365706 2023-06-29 00:00:00+00:00  ...  0.45
365707 2023-06-29 00:00:00+00:00  ...  2.32
365708 2023-06-29 00:00:00+00:00  ...  4.61
365709 2023-06-29 00:00:00+00:00  ...  5.95
365710 2023-06-29 00:00:00+00:00  ...  5.28

[365711 rows x 5 columns]

morgana is designed to have a small footprint, allowing the deployment with a reduced amount of RAM and CPU power. The above DataFrame required 55 MB for the runtime, and the result was obtained within few seconds.

Documentation

Schema files (schema.json)

The morgana uses some database description file formats which are expected to be located in the same directories that the data files are stored. All the description files are expected to be called schema.json, but some fields are mandatory for describing databases or tables. An example of schema file for describing a database stored in S3 is:

{
    "application": "morgana-engine-tests",
    "name": "data",
    "description": "Tests for the morgana engine",
    "uri": "s3://my-bucket/data/schema.json",
    "version": "1.0.0",
    "modifiedTime": "2024-01-01T00:00:00.000Z",
    "tables": [
        {
            "name": "quadriculas",
            "uri": "s3://my-bucket/data/quadriculas/"
        },
        {
            "name": "velocidade_vento_100m",
            "uri": "s3://my-bucket/data/velocidade_vento_100m/"
        }
    ]
}

The uri fields in the tables are expected to point to valid paths (or object keys) with the which should contain another schema.json files, describing each table. The name fields are the names that are given in the queries made to the morgana engine.
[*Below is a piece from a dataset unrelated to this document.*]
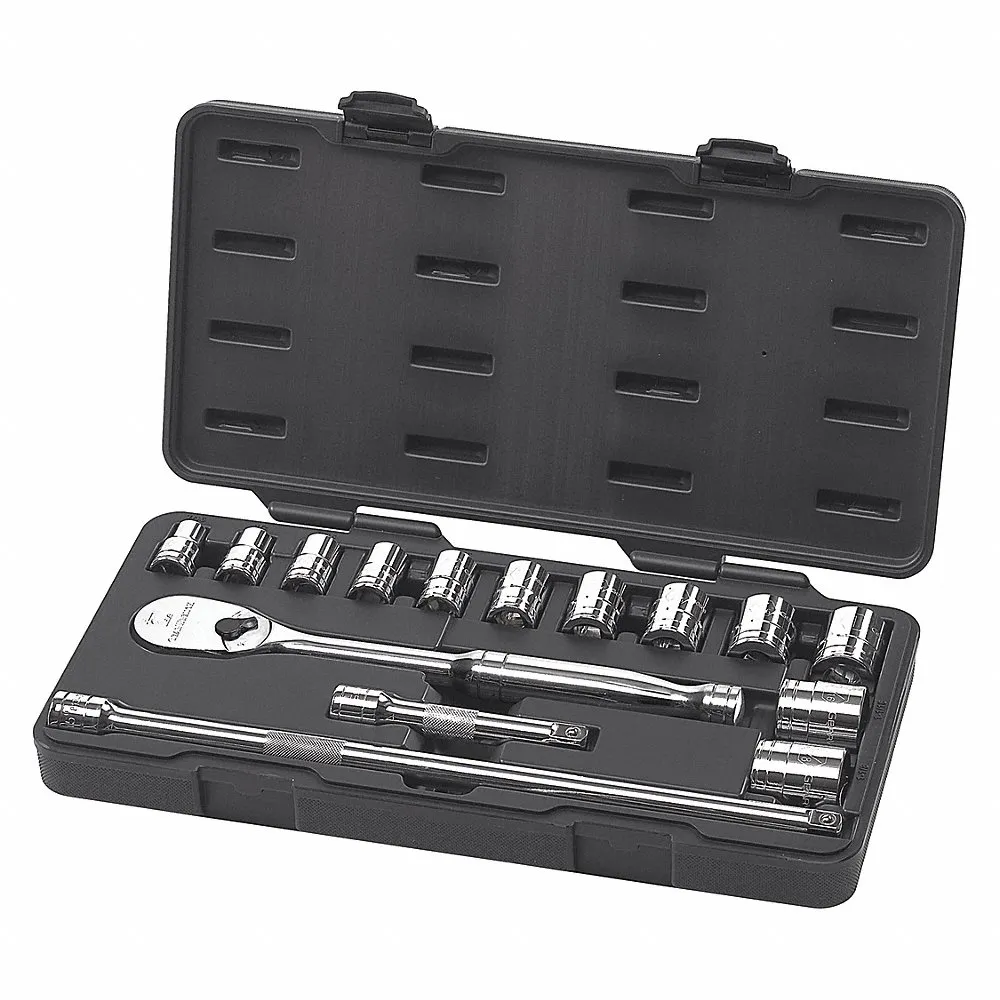 GEARWRENCH 80706 1/2 Inch Drive 6 Point Standard SAE Mechanics Tool Set, 15 Pcs

As an example, one of the tables might be described by:

{
    "name": "velocidade_vento_100m",
    "description": "",
    "uri": "s3://my-bucket/data/velocidade_vento_100m/schema.json",
    "fileType": ".parquet.gzip",
    "columns": [
        {
            "name": "data_rodada",
            "type": "datetime"
        },
        {
            "name": "data_previsao",
            "type": "datetime"
        },
        {
            "name": "dia_previsao",
            "type": "int"
        },
        {
            "name": "valor",
            "type": "float"
        }
    ],
    "partitions": [
        {
            "name": "quadricula",
            "type": "int"
        }
    ]
}

The table as a whole is made of both columnns data and partitions data, but the partition is obtained by parsing the filename of each file in the path which has the table name as prefix and the extension given by fileType. These fields are the key for optimizing the query times in morgana, so they must be chosen well, so that most queries only join few partitions.

The supported file types are:

  • .csv (currently does not make any type castings when reading)
  • .parquet
  • .parquet.gzip (enforces gzip compression using arrow backend)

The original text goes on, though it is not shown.